From The Paris Review:
I despise films that have a political agenda. Their intent is always to manipulate, to convince the viewer of their respective ideologies. Ideologies, however, are artistically uninteresting. I always say that if something can be reduced to one clear concept, it is artistically dead. If a single concept captures something, then everything has already been resolved—or so it appears, at least. Maybe that’s why I find it so hard to write synopses. I just cannot do it. If I were able to summarize a film in three sentences, I wouldn’t need to make it. Then I’d be a journalist, I’d get to the heart of the matter in those three sentences, and my readers would know what it’s all about, and that would be that. But that is not what I find interesting.

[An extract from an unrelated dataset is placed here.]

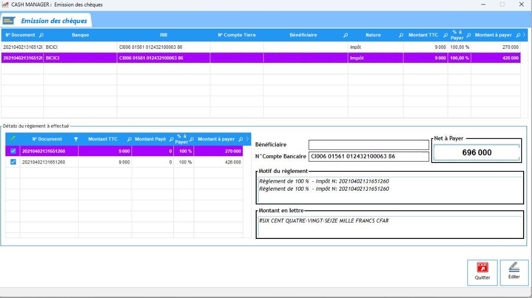 - une automatisation de la traduction des montants en lettre sur les chèques et ordres de virements ;
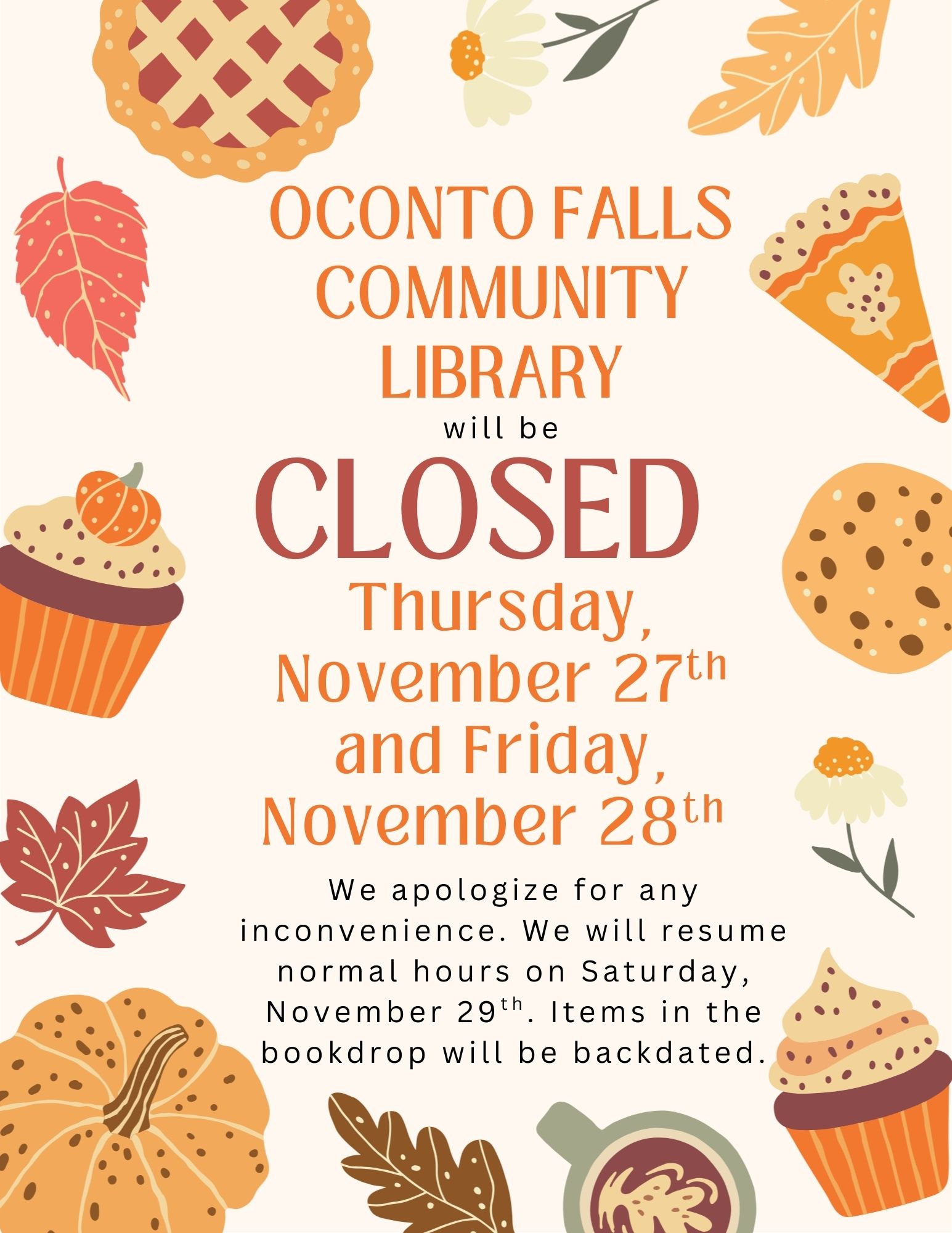 Oconto Falls Community Library will be CLOSED on Thursday, November 27th and Friday, November 28th.

Look, life itself is the object of art. You aim to construct a parallel world in your novel or your play. The truly captivating thing is the story that unfolds between your protagonists. Of course, for somebody with political convictions—and we all have those—there is no way they aren’t going to seep into your artwork. Céline, for example, was a right-wing extremist. And that was visible in his work, but he still wasn’t completely inept as a writer. There are thousands of examples, from both the left and the right. At the academy, I always lecture on propagandistic films of various origins so as to sensitize my students to their particular way of functioning. In my films, however, politics happen only subcutaneously, and it is never my intention to say, Look, this is what I’m trying to tell you, now swallow it. My objective is a humanistic one—to enter into a dialogue with my viewers and to make them think. There isn’t much more you will be able to achieve in the dramatic arts. And frankly, I don’t know what else you should be able to achieve.